──────── EXERCISE DATA

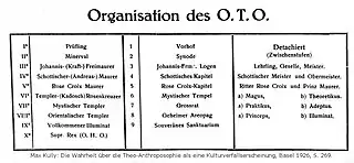 Organisation of O.T.O., the diagram (from 1926) in German shows the organization's original structure.[6]
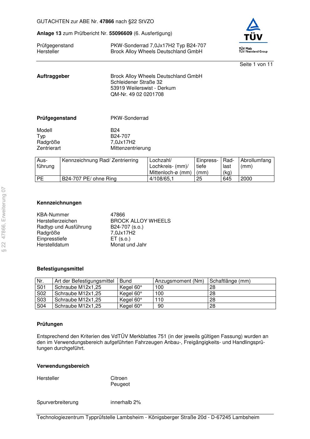 Dieses Gutachten (abe) bezieht sich auf die Alufelge Brock B24-707 in der Ausführung 7Jx17 ET 0, Mittenloch 0 mm (KBA 47866). Im PDF findest du typischerweise zulässige Reifengrößen, Auflagen/Anbauhinweise und – je nach Dokument – Hinweise zur Eintragung.
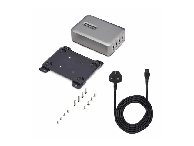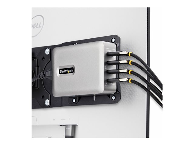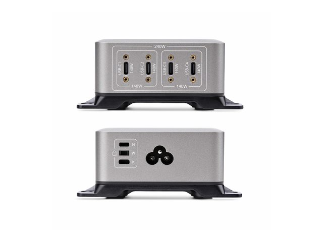 - Information The StarTech.com 4-Port USB-C Charger is a versatile power adapter designed to efficiently charge various devices such as tablets, cellular phones, and notebooks. With a robust power output of 240 watts and the ability to provide multiple voltage levels ranging from 5 V to 28 V, this charger ensures you are equipped for all your charging needs. The charger complies with standards including UL, FCC, RoHS, and DoE Level VI, ensuring a reliable and safe charging experience. Equipped with features such as overheat and overvoltage protection, along with a Kensington security slot, this charger combines safety with security. The inclusion of GaN technology enhances power efficiency while maintaining a compact design. The user-friendly design includes a screw lock system and rubber feet for stability. Whether at home or in the office, the StarTech.com 4-Port USB-C Charger stands as a convenient solution for powering up multiple devices simultaneously.

────────────────

*TASK TO CARRY OUT*.
Copy the full listing above exactly, apart from the pictures.

*RESULT OF THIS TASK*.
 Organisation of O.T.O., the diagram (from 1926) in German shows the organization's original structure.[6]
 Dieses Gutachten (abe) bezieht sich auf die Alufelge Brock B24-707 in der Ausführung 7Jx17 ET 0, Mittenloch 0 mm (KBA 47866). Im PDF findest du typischerweise zulässige Reifengrößen, Auflagen/Anbauhinweise und – je nach Dokument – Hinweise zur Eintragung.
 - Information The StarTech.com 4-Port USB-C Charger is a versatile power adapter designed to efficiently charge various devices such as tablets, cellular phones, and notebooks. With a robust power output of 240 watts and the ability to provide multiple voltage levels ranging from 5 V to 28 V, this charger ensures you are equipped for all your charging needs. The charger complies with standards including UL, FCC, RoHS, and DoE Level VI, ensuring a reliable and safe charging experience. Equipped with features such as overheat and overvoltage protection, along with a Kensington security slot, this charger combines safety with security. The inclusion of GaN technology enhances power efficiency while maintaining a compact design. The user-friendly design includes a screw lock system and rubber feet for stability. Whether at home or in the office, the StarTech.com 4-Port USB-C Charger stands as a convenient solution for powering up multiple devices simultaneously.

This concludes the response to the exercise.